ESCROW AGENT INDEMNIFICATION. (a) Seller hereby agrees to indemnify and hold the Escrow Agent free and harmless from any and all losses, expenses, liabilities and damages (including but not limited to reasonable attorney’s fees, and amounts paid in settlement) resulting from claims asserted by Buyer against the Escrow Agent with respect to the performance of any of the provisions of this Agreement. (b) Buyer hereby agrees to indemnify and hold the Escrow Agent free and harmless from and against any and all losses, expenses, liabilities and damages (including but not limited to reasonable attorney’s fees, and amounts paid in settlement) resulting from claims asserted by Seller against Escrow Agent with respect to the performance of any of the provisions of this Agreement. (c) Seller and Buyer hereby agree to, jointly and severally, indemnify and hold Escrow Agent harmless from and against any and all losses, damages, taxes, liabilities and expenses that may be incurred by Escrow Agent, arising out of or in connection with its acceptance of appointment as Escrow Agent hereunder and/or the performance of its duties pursuant to this Agreement, including, but not limited to, all legal costs and expenses of Escrow Agent incurred defending itself against any claim or liability in connection with its performance hereunder, provided that Escrow Agent shall not be entitled to any indemnity for any losses, damages, taxes, liabilities or expenses that directly result from its willful misconduct, gross negligence or breach of this Agreement. (d) In the event of any legal action between the parties to this Agreement to enforce any of its terms, the legal fees of the prevailing party and the Escrow Agent shall be paid by the party(ies) who did not prevail.

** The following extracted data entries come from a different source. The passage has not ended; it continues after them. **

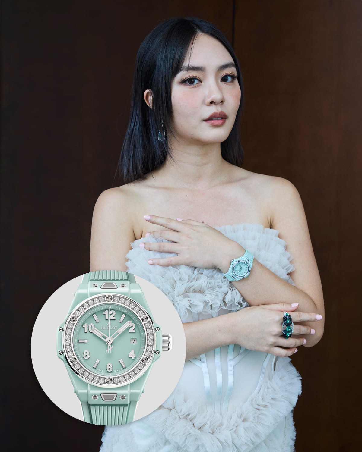 Ng had a big role to play as host of the night, and the actress hit the red carpet wearing the Hublot Big Bang One Click in a delicate shade of mint green, adding a pop of colour to her cream gown.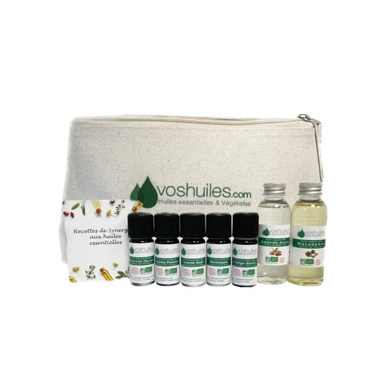 Voshuiles Kit Les 7 Huiles Essentielles Indispensables Bio est un ensemble qui comprend cinq huiles essentielles biologiques et deux huiles végétales biologiques, toutes certifiées par Ecocert selon la norme FR BIO-01. Ce kit est idéal pour ceux qui souhaitent s'initier au monde de l'aromathérapie.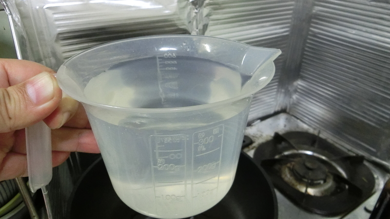 あとあと味を決める時に煮詰めるためにうすーーーーく味を入れます。なので、お吸い物レベルで割ります。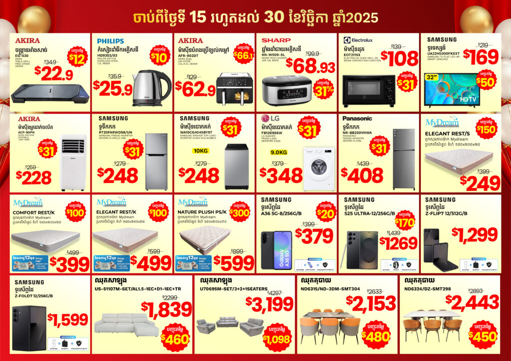 **ការផ្ដល់ជូនដ៏ពិសេសនេះចាប់ពីថ្ងៃទី15 រហូតដល់ថ្ងៃទី30 ខែវិច្ឆិកា ឆ្នាំ2025 នេះតែប៉ុណ្ណោះ។

ESCROW AGENT INDEMNIFICATION. The parties acknowledge that: (i) the Escrow Agent is acting solely as a stakeholder at their request and for their convenience and without compensation; (ii) the Escrow Agent shall not be deemed to be the agent of any of the parties; and (iii) the Escrow Agent shall not be liable to any party herein in connection with its role as Escrow Agent, or the performance of its duties as Escrow Agent hereunder, or any act or omission in connection therewith, except for acts of gross negligence or willful misconduct. The parties hereby jointly and severally indemnify and agree to defend and hold the Escrow Agent harmless from and against all costs, claims and expenses, including, but not limited to, reasonable attorneys' fees suffered or incurred by the Escrow Agent and arising out of or related to its role as escrow agent or the performance of its duties hereunder, including the costs and expenses of defending itself (whether by retained attorneys or by itself) against any claim or liability arising out of or related to such role or such performance, except to the extent the same were suffered or incurred as a result of the Escrow Agent's gross negligence or willful misconduct.